## What the task requires
For this exercise, please transcribe exactly and only the lines from the one containing "Стационарным называется тип, при" through the end of the material, both ends included, without pictures.

## The data

□ □ □

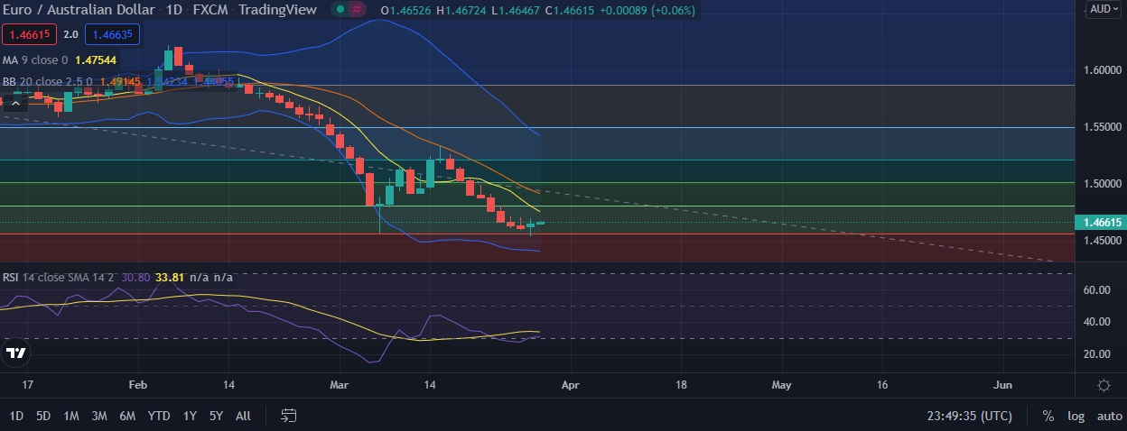• Strong support is seen at 1.4572 (23.6% fib) and break below could take the pair towards 1.4418 (Lower BB).
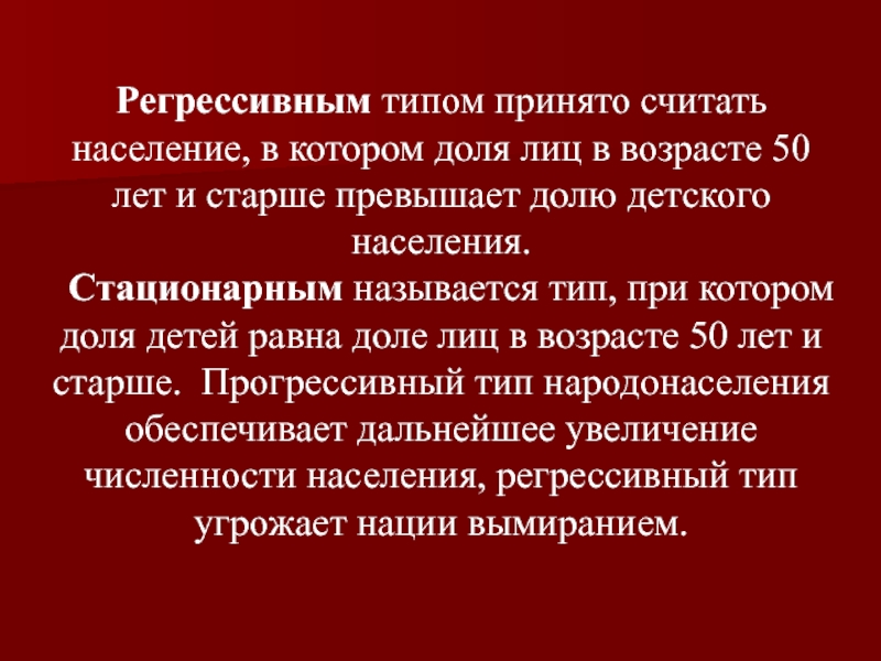 Стационарным называется тип, при котором доля детей равна доле лиц в возрасте 50 лет и старше. Прогрессивный тип народонаселения обеспечивает дальнейшее увеличение численности населения, регрессивный тип угрожает нации вымиранием.
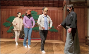 The program includes an introduction to Noh by a Noh actor, a tour of the Theatre including the backstage areas, and experiencing taking part in a performance on the stage.
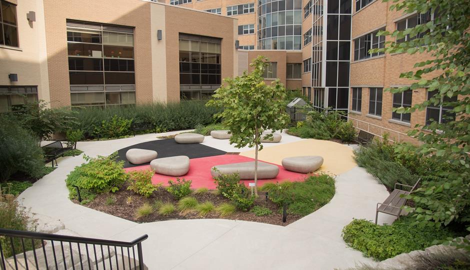“Often times the first feedback I get from patients is that they want to go outside; they want to smell the fresh air. Taking them down to the Healing Garden helps to reintroduce playful, childhood experiences,” says Yawney. “It allows for the creation of moments where they can smile and laugh in a different space, and all of this helps with their ability to cope.”

□ □ □

## Solution to the exercise
 Стационарным называется тип, при котором доля детей равна доле лиц в возрасте 50 лет и старше. Прогрессивный тип народонаселения обеспечивает дальнейшее увеличение численности населения, регрессивный тип угрожает нации вымиранием.
 The program includes an introduction to Noh by a Noh actor, a tour of the Theatre including the backstage areas, and experiencing taking part in a performance on the stage.
“Often times the first feedback I get from patients is that they want to go outside; they want to smell the fresh air. Taking them down to the Healing Garden helps to reintroduce playful, childhood experiences,” says Yawney. “It allows for the creation of moments where they can smile and laugh in a different space, and all of this helps with their ability to cope.”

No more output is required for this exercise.